Bill would ban computers from landfills

Bill would ban computers from landfills

Madison, Wis. — Wisconsin residents would lose their ability to send old computers and other household electronics to landfills in the state under legislation proposed by state Sen. Mark Miller of Monona.
Miller on Tuesday said he would introduce legislation similar to that he proposed in February, 2004, but with some changes to the original proposal. He expects broad legislative support for the new bill, which calls on producers to assume responsibility for safe disposal of electronics.
Current Wisconsin law allows the landfill disposal of personal electronic equipmement but not such disposal of business equipment.
Miller’s bill would ban all disposal one year after his law would be enacted. He anticipated turning in his proposal on Wednesday, after which it would follow the legislative committee process.
“Like many Wisconsin residents, I have an obsolute computer in my basement, and an old printer,” Miller said. “There is little opportunity to dispose of those responsibly. We know these products contain toxic materials that can threaten human health if landfilled.”
When opportunities do arise for residents to recycle old computers, they have increasingly taken advantage of them, noted Steve Brachman, a solid and hazardous waste specialize with the University of Wisconsin Extension in Milwaukee.

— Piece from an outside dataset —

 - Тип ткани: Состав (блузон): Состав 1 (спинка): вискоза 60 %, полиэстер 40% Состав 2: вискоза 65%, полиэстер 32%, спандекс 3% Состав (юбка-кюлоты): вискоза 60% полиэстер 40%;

“There’s been quite a growth of interest in recycling,” said Brachman. “When people get a chance to recycle old equipment, they do so.”
Brachman added that Wisconsin is “in pretty good shape” in the computer recycling arena, but that some of the infrastructure to support more widespread recycling is not in place.

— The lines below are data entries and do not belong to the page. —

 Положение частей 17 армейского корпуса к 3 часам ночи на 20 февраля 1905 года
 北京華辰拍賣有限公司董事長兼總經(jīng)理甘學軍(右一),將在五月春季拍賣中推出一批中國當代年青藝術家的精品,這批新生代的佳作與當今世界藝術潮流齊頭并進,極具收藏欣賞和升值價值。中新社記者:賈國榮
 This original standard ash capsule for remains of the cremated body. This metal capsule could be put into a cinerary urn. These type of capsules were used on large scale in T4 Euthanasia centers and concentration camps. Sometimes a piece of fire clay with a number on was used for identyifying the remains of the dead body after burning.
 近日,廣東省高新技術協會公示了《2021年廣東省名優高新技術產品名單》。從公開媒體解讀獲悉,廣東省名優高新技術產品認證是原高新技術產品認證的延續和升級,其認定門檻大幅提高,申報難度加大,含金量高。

A “trigger mechanism” such as Miller’s proposed landfilling ban is often what it takes to push the market to develop the needed infrastructure, Brachman said.
Miller said the landfilling ban “would create additional markets and jobs for new electronic recycling enterprises by adding consumer electronics to the landfill ban.”
After seven years, the bill would ban the sale of certain electronic equipment containing toxins such as lead, mercury, cadmium and others.
Miller called such elements “highly toxic and pose enormous environmental and public health threats if not properly managed at the end of their useful lives,” he said. “Currently, taxpayers and local governments largely fund the management of this problem.”
Miller’s bill would transfer that responsibility to producers of the equipment. “This has the advantage that it does not create a new government program requiring new taxes. The cost of the program is born by the producers and consumers of these products. The Department of Natural Resources would assure that the proposed plans are sufficient.”
While old computers and computer monitors have been the main focus of recycling efforts, Brachman said the advent of high-definition televisions will create new challenges as people start to get rid of old-technology TVs. “We’re going to have an even bigger problem,” he said.
Earlier attempts to develop a federal plan to handle old electronic equipment were unsuccessful, despite support from producers such as Dell and HP. But Maine recently adopted a ban with legislation similar to what Wisconsin’s Miller is proposing. Maine’s law becomes effective in January, and its effects will be widely followed, said Neil Peters-Michaud, owner and CEO of Cascade Asset Management, a computer recycling business in Madison.
But “it will be difficult to make this work on a state-by-state basis,” Peters-Michaud said. “A national program would create greater efficiencies.”
Peters-Michaud noted that European nations already have transferred disposal responsibility to producers.
While Peters-Michaud’s company and others like his primarily handle commercial electronics, he said the business and the electronics recycling industry could easily handle the addition units a landfilling ban would move to the recycling market.
Cascade Asset Management recently built a 32,000-square-foot facility on five acres of land, with that acreage giving the company the ability to expand the building to 100,000 square feet, said Peters-Michaud, who noted the company will host an open house in November.